3rd & 4th Generation (19921996 & 19972001)Toyota Camry Discussion for years: 1992-1996 & 1997-2001
Topics of discussion range from fuel economy, safety, modifications, performance all involving America's favorite family car, the Toyota Camry.
The switch or sensor that detects when the dirver door is opened and then sends the signal to turn off the headlights and turn on the courtesy dome light is working erratically. Coincidentally or otherwise, this started to happen right after I had some paintless dent repair done on the driver's door panel, and all of the dents were in the vicinity of the door lock. Unfortunatley, it started to work the again next day and worked for about two weeks until I got stuck with a dead battery because I turned off the engine and exitied the car in daylight and didn't notice that the headlights were still on.

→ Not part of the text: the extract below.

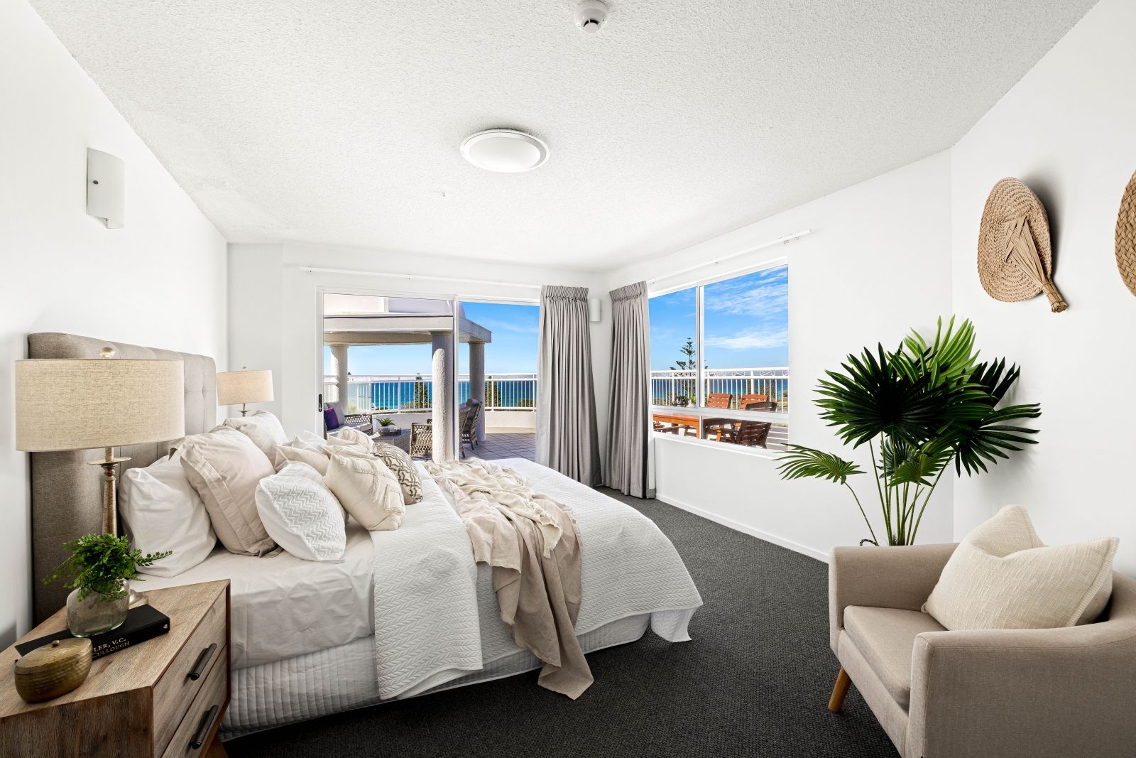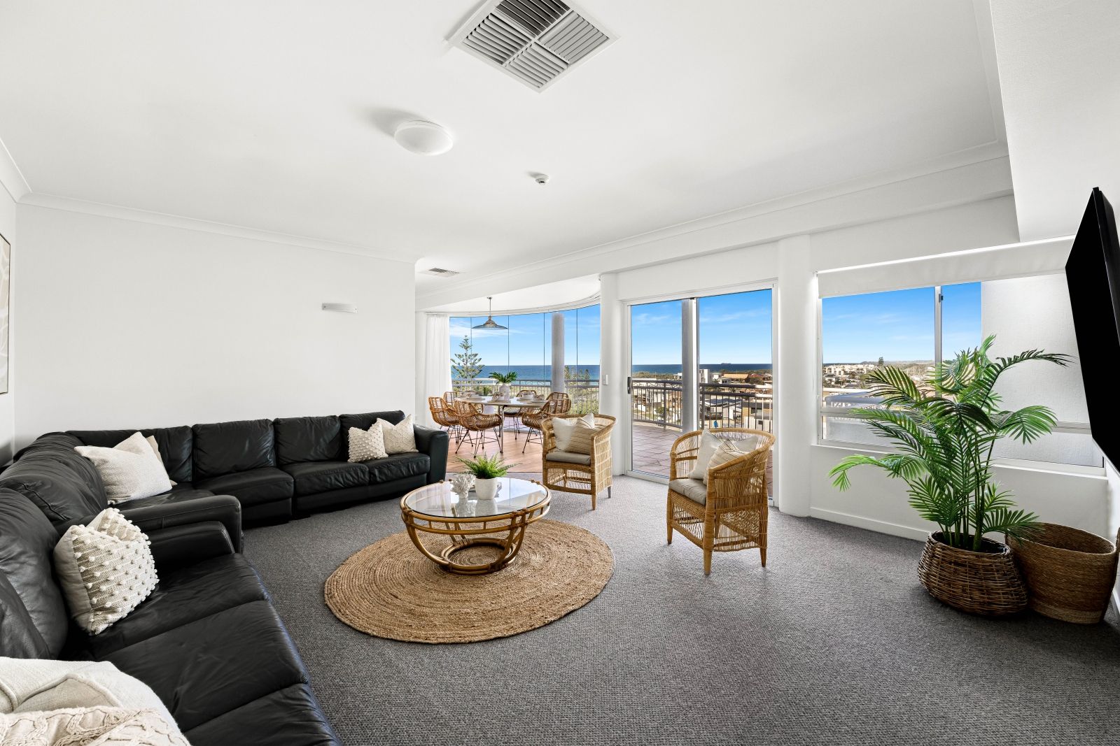 The master suite is sure to impress, you are greeted with a spacious walk-in wardrobe, generous ensuite with a spa bath that you can ultimately sit back, relax and watch the waves roll in. Enjoy your large east facing terrace perfect for those morning coffees which allows you to immerse yourself with the luxury lifestyle high in the sky. Two additional bedrooms share the main bathroom and separate powder room, with an abundance of wardrobe and hanging space, dressed with woollen blend carpet and a generous balcony. These rear bedrooms are complemented by views of the ocean, city and hinterland perfect for watching the sunset over the hinterland.

Since I had to replace the inside door handle on the driver's door anyhow, I decided to look for a loose connection or weak ground, etc. inside that door. After about 6 hours, the door handle was fixed but I was not able to find and correct the door-open sensor malfunction problem.
I think I've narrowed the problem down to the door lock mechanism in the door that grasps onto the metal bar mounted on the door jamb and hold that door shut. If I open the door and the dome light doesn't come on (indicating that the swith or sensor has not been activated), I can get the switch/sensor to trigger the dome-light-on and headlights-off functions by bringing the door to an almost fully closed position (the saftey latch has caught but the door is not fully closed) and shifting the door a little. I tried to duplicate this by manually moving the lockiing mechanisn in the door from the open to the locked position and back agan, but that doesn't seem to do anything.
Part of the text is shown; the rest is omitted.